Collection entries
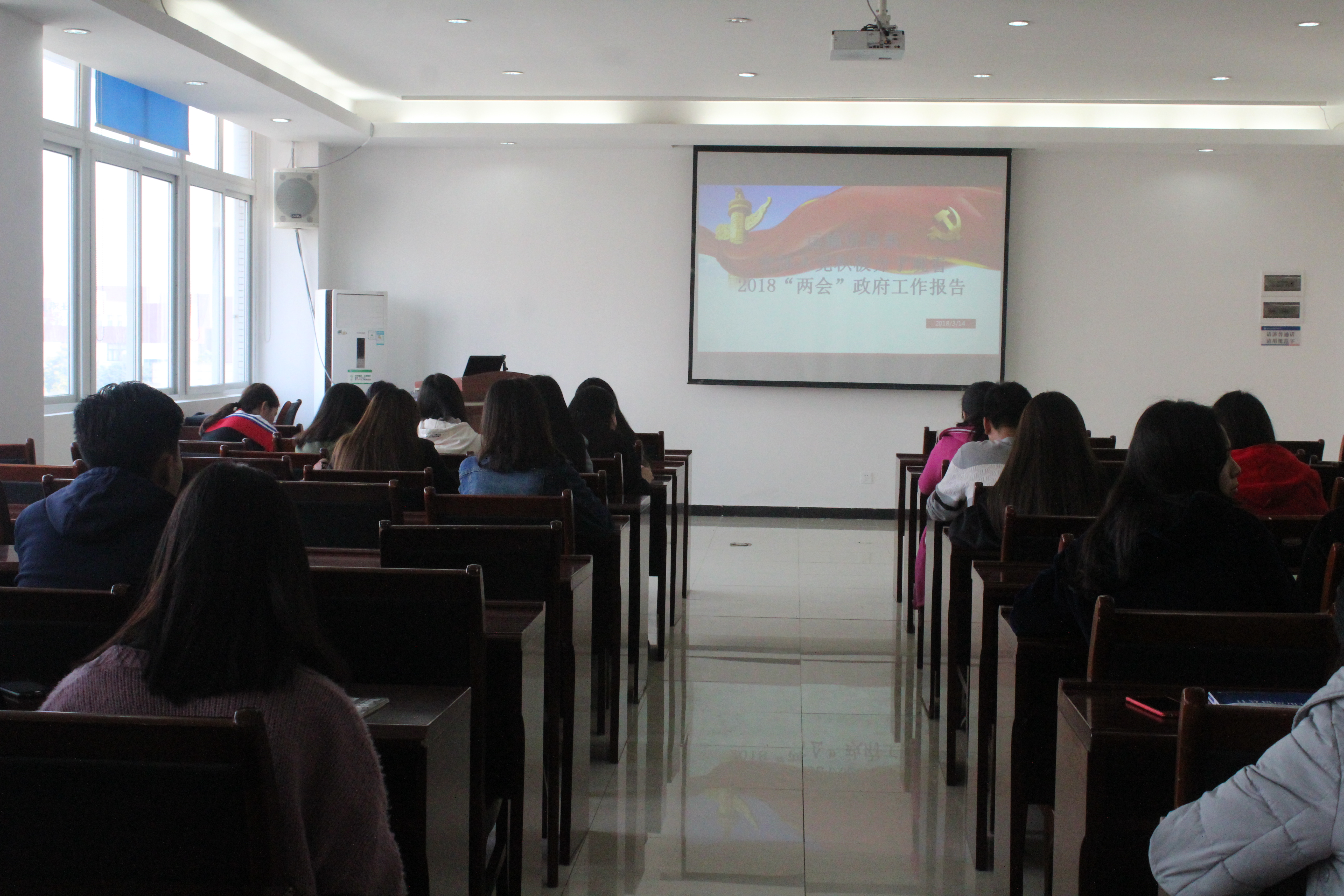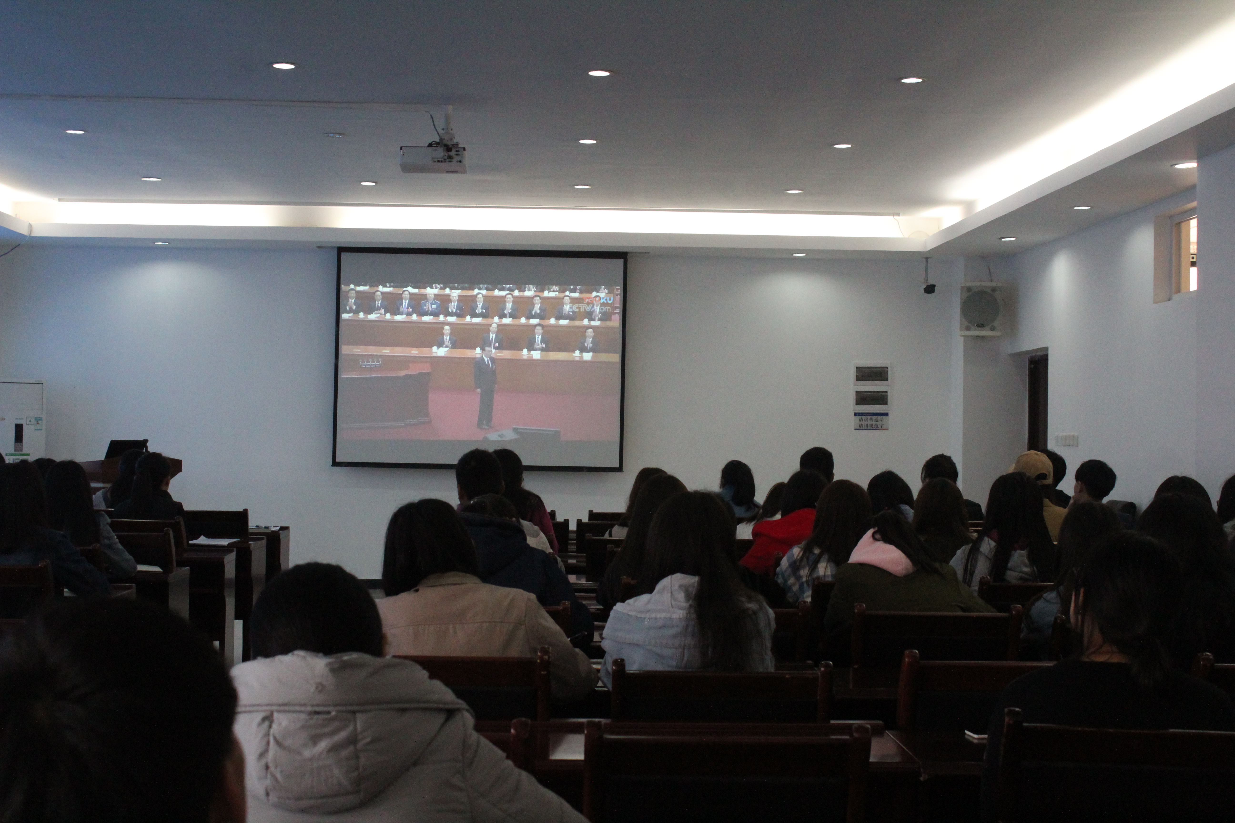 3月14日澳门正规电子游戏平台运输贸易系党支部于13点20分在教学楼A403组织本系全体入党积极分子观看2018年“两会”政府工作报告。其他学生骨干在会议室、宿舍通过网络频道、微信平台等渠道了解会议动态,传递会议好声音。
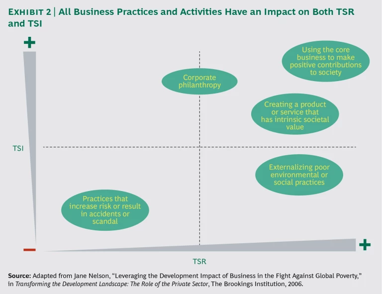 Assessing How Business Practices and Activities Contribute to TSI and TSR. A company’s business practices and activities ideally boost both TSR and TSI, falling in the upper-right quadrant. But placement within that quadrant—which reflects just how much these activities actually increase TSR and TSI—varies.
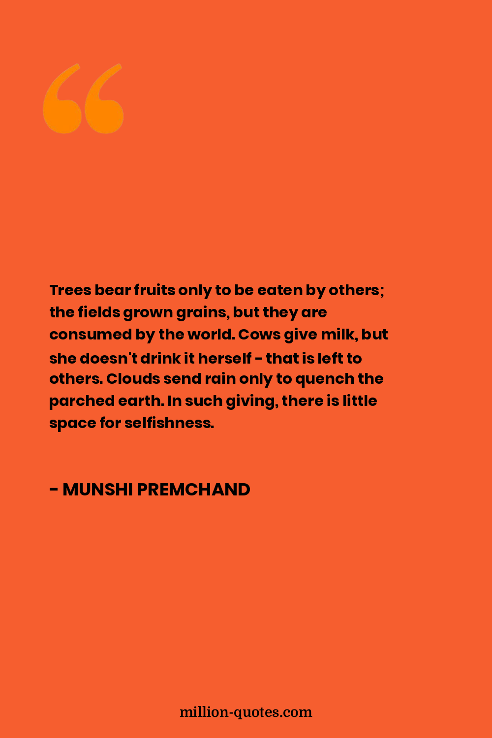 Trees bear fruits only to be eaten by others; the fields grown grains, but they are consumed by the world. Cows give milk, but she doesn't drink it herself - that is left to others. Clouds send rain only to quench the parched earth. In such giving, there is little space for selfishness.
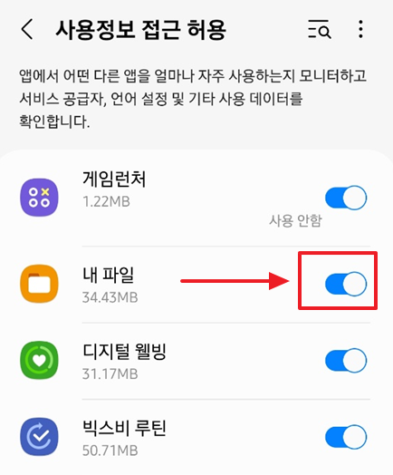 사용정보 접근 허용 창으로 넘어갑니다. 내 파일 옆 버튼을 눌러 활성화 시켜줍니다. 지금은 회색으로 비활성화되어 있을 것입니다.
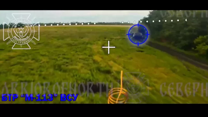 На кадрах объективного контроля наши операторы БпЛА 34-й горной мотострелковой бригады ГВ «Север» выследили, догнали и уничтожили вражеский американский БТР «М-113», перевозивший штурмовые группы врага на позиции в окрестностях Мирополья.
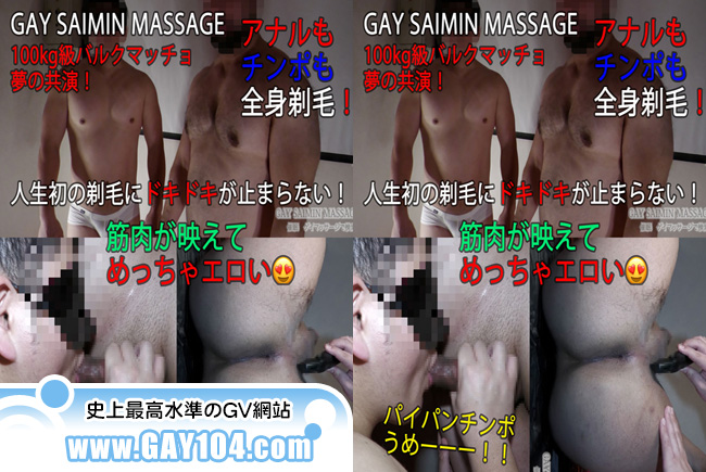 デカマラバルクマッチョ熊雄が全身剃毛プレイ初体験!!しかも今回はあの100kg級バルクマッチョ賢太郎との夢の共演!賢太郎にチンポの周りはもちろん、胸毛やアナルの毛まで全身をどんどん剃られ途惑いを隠せない熊雄。賢太郎もツルツルになっていく熊雄に大興奮w フェラや手コキでパイパンチンポをしつように責めていく。そんな熊雄も初めての経験にいつも以上に気持ちよさを感じ・・・ いつもなら恥ずかしいプレイもさいみん状態でなら大胆にもっと気持ちいいことが可能に!!
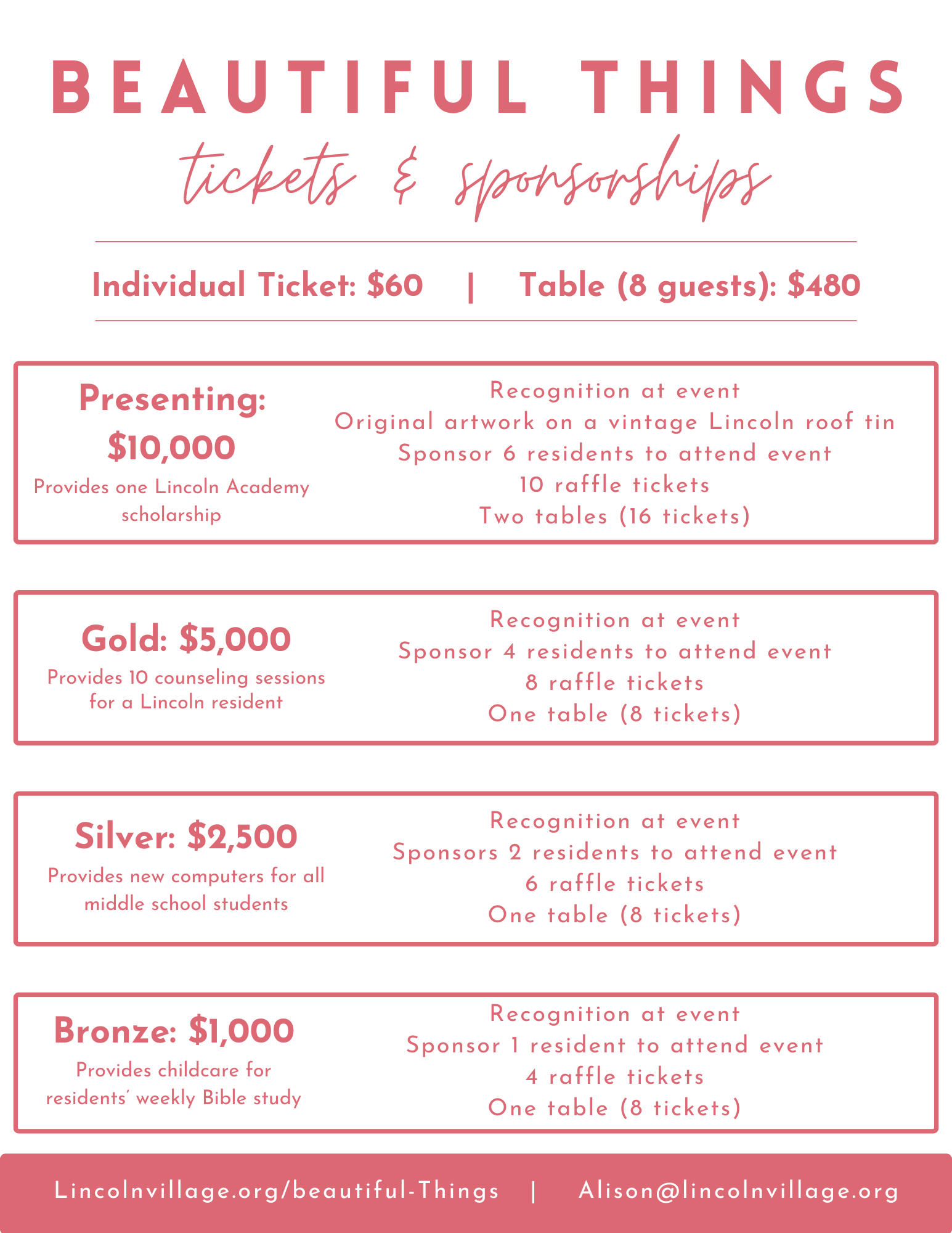 Beautiful Things Info Coming Soon! Email alison@lincolnvillage.org for instructions on how to pay for your tickets/tables/sponsorships
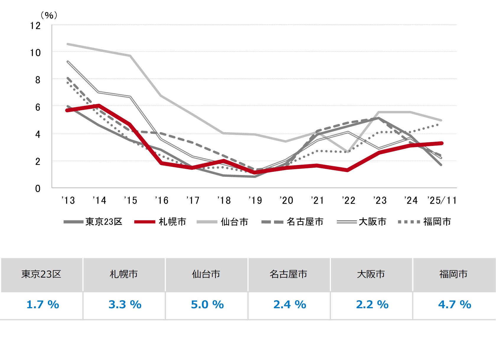 三幸エステート株式会社(本社:東京都中央区、取締役社長:福島正二郎)は、2025年11月度の札幌市オフィス賃貸状況(空室率&現空面積:全規模、募集賃料&募集面積:全規模、規模別空室率、主要エリア※1空室率:全規模)および全国6大都市(東京・札幌・仙台・名古屋・大阪・福岡)の大規模ビルのマーケットデータをまとめた「オフィスマーケット2025年12月号札幌」を公表します。
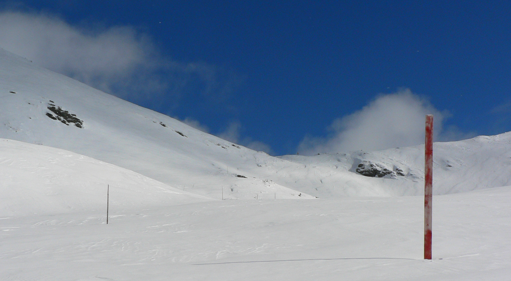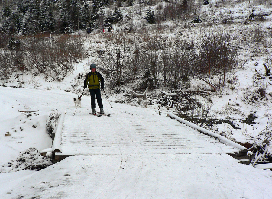 Do Žiarskej sa v sobotu ráno nedalo od parkoviska, až asi o kilák vyššie som sa odvážil do lyží skočiť a aj to som si ešte dlho dával pozor. Pod nočným suchým snehom mokrota z piatkového dažďa a paličky aj pod chatou sem-tam pichli do asfaltu. Jeden deň dažďa či slnka a bude po ceste. Nad chatou ľadový firn prikrytý 5-10cm suchého prášku, to v kosovke.
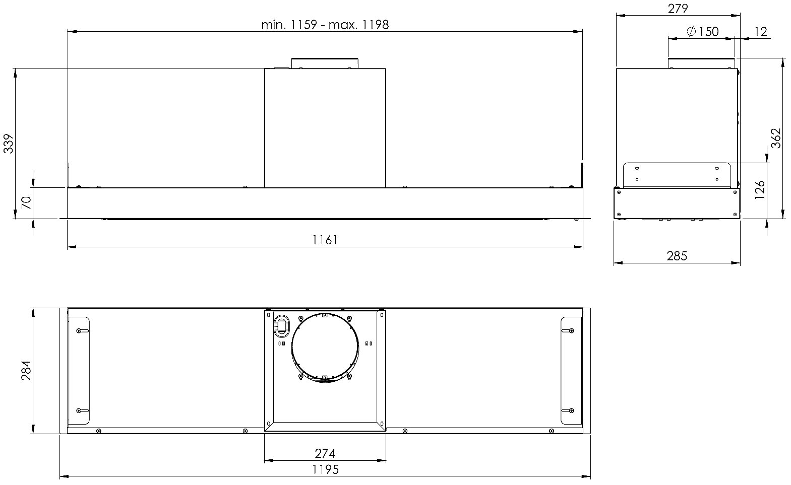 Hota Incorporabile Micra White Matt 120 cm
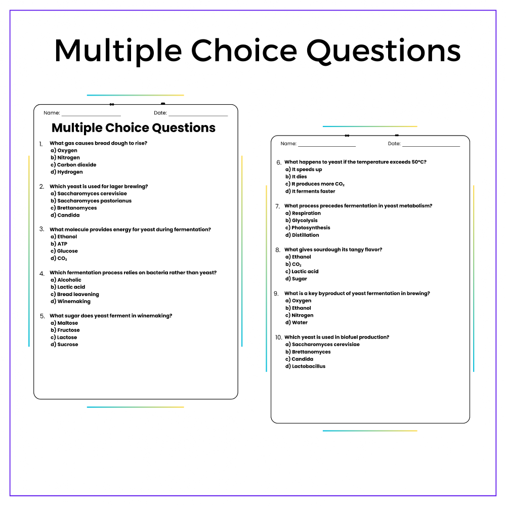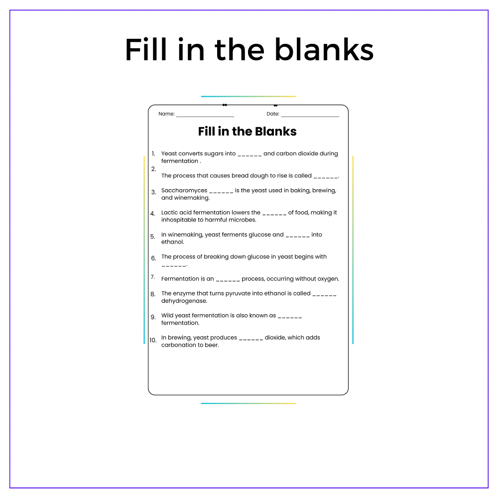 • Fill-in-the-blanks – Reinforce terms like “yeast,” “carbon dioxide,” and “glucose”
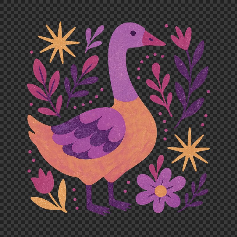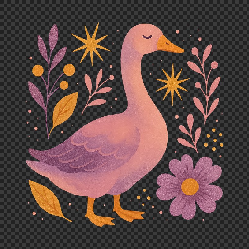 PNG Whimsical goose with floral elements. https://www.rawpixel.com/image/24555878/png-whimsical-goose-with-floral-elementsView license
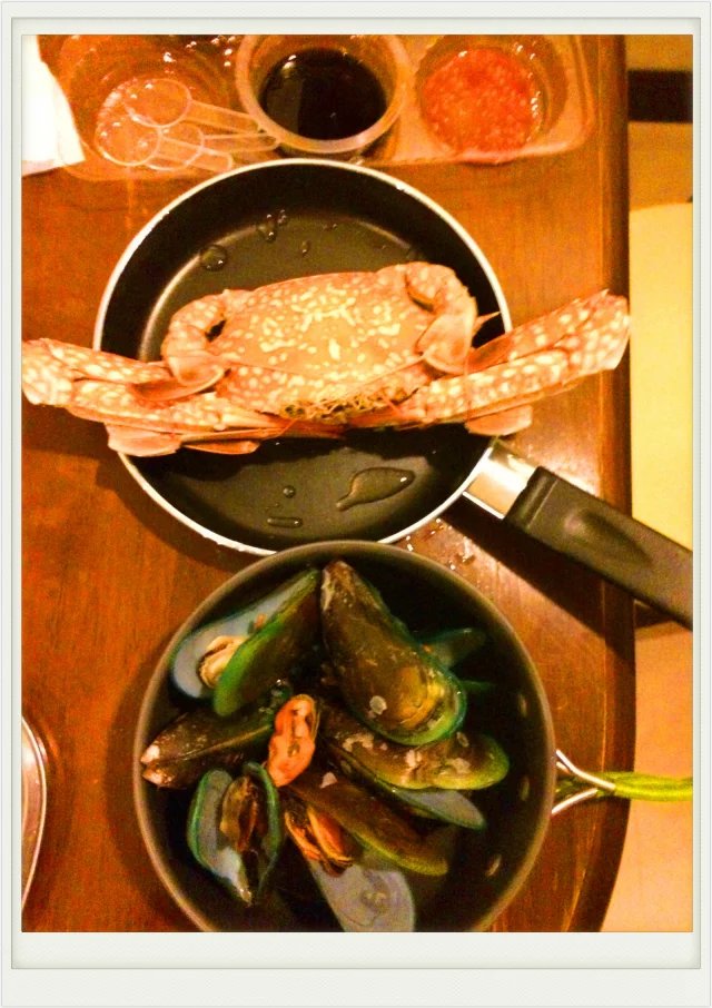 乐颠颠的开始选购海鲜,本着跟着当地人买的原则,虾、一种蓝色的螃蟹、海虹、还有一袋泰米(事实证明这个决定是准确的,当时买了两种虾,一种是跟着别人买的,另一种是看着漂亮价格还贵一些,但是味道远远不及当地人的选择)。神奇的7-11买的调料:酱油、一种当地人吃的酸辣酱;两个人屁颠屁颠的跑回宾馆开始了海鲜大餐。食材新鲜,味道鲜甜,蘸着辣酱特别棒。奇怪为什么在泰国人的菜单里海鲜老是要放很多的咖喱、之类的东西。白水煮煮不是挺好吗?
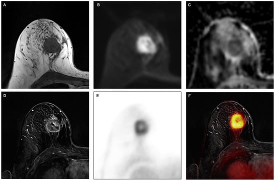 Example of a 63-year-old woman with invasive breast cancer in the right breast, clearly visible on (A) fat-saturated T2-weighted turbo spin-echo (TSE) sequence, (B) transversal diffusion-weighted echo-planar imaging (EPI) sequence with (C) apparent diffusion coefficient (ADC) as well as on (D) contrast-enhanced T1w images, (E) PET and (F) fused PET/MR images.
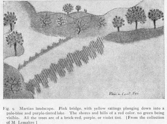Po vsaki seji je naša junakinja začela risati Marsovske pokrajine in prebivalci oddaljenega planeta. Dobro bitje dobra umetnica, gospa Smith je lahko upodobila v vsem svojem sijaju papirja, ki ga je domnevno videla na lastne oči. V Heleninih vizijah prebivalci rdečega planeta so se brez kolesa premikali nad zemljo posadke mečejo snope iskre. Marsovci živijo, pravijo, v hiše, ki so videti kot ogromne ptičje hiše. Še več, nebo tam rumeno-zelena barva, in še vedno jih je okoli veliko bledo vijolična jezera. Tuji otroci, ki se vzgajajo v posebnih hiš. Ko je bila v enem od njih, je ženska videla ogromne dvorane, visi z zibelkami z dojenčki. Otroci so se hranili rumenkasto. mleko, pridobljeno z molznimi tujimi tjulnji živali.
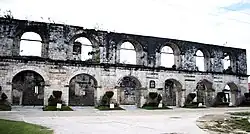 Located front right of the church of Oslob, just outside the perimeter stone fence and near the sea, at the intersection of Calle Aeternidad and the end of Calle Aragones, stands an unfinished building made of coral blocks resembling a Spanish-era barracks. This was intended to be the cuartel, barracks for Spanish soldiers or guardia civil. It was started about 1860, but remained unfinished at the end of Spanish occupation in 1898.[24]
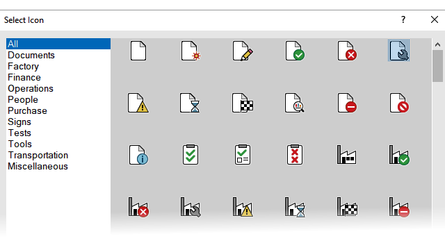 ワークフロー ステータスとトランジションのアイコン変更 SOLIDWORKS PDM には、ワークフロー ステータスとトランジションを示す新しいアイコンがあります。 既存のアイコンの色と外観が改善されました。 アドミニストレーション ツールでワークフローを開き、ステータスのプロパティ(Properties)ダイアログ ボックスで変更(Change)をクリックします。 アイコンを選択(Select Icon)ダイアログ ボックスでは、アイコンがカテゴリの下にグループ化され、選択プロセスが容易になります。 親トピックSOLIDWORKS PDM 列のカスタマイズ マスター BOM のカットリスト参照のサポート SOLIDWORKS PDM ファイル エクスプローラの機能強化 使用先タブの Treehouse ビュー SOLIDWORKS PDM のパフォーマンスの改善 参照部品参照の表示 SOLIDWORKS で定義された部品表オプションの使用

Exercise – Could you transcribe exactly the entries above, but only the lines from the one with "Hota Incorporabile Micra White Matt 120 cm" through the one with "乐颠颠的开始选购海鲜,本着跟", and without pictures?

Solution to this task –
 Hota Incorporabile Micra White Matt 120 cm
 • Fill-in-the-blanks – Reinforce terms like “yeast,” “carbon dioxide,” and “glucose”
 PNG Whimsical goose with floral elements. https://www.rawpixel.com/image/24555878/png-whimsical-goose-with-floral-elementsView license
 乐颠颠的开始选购海鲜,本着跟着当地人买的原则,虾、一种蓝色的螃蟹、海虹、还有一袋泰米(事实证明这个决定是准确的,当时买了两种虾,一种是跟着别人买的,另一种是看着漂亮价格还贵一些,但是味道远远不及当地人的选择)。神奇的7-11买的调料:酱油、一种当地人吃的酸辣酱;两个人屁颠屁颠的跑回宾馆开始了海鲜大餐。食材新鲜,味道鲜甜,蘸着辣酱特别棒。奇怪为什么在泰国人的菜单里海鲜老是要放很多的咖喱、之类的东西。白水煮煮不是挺好吗?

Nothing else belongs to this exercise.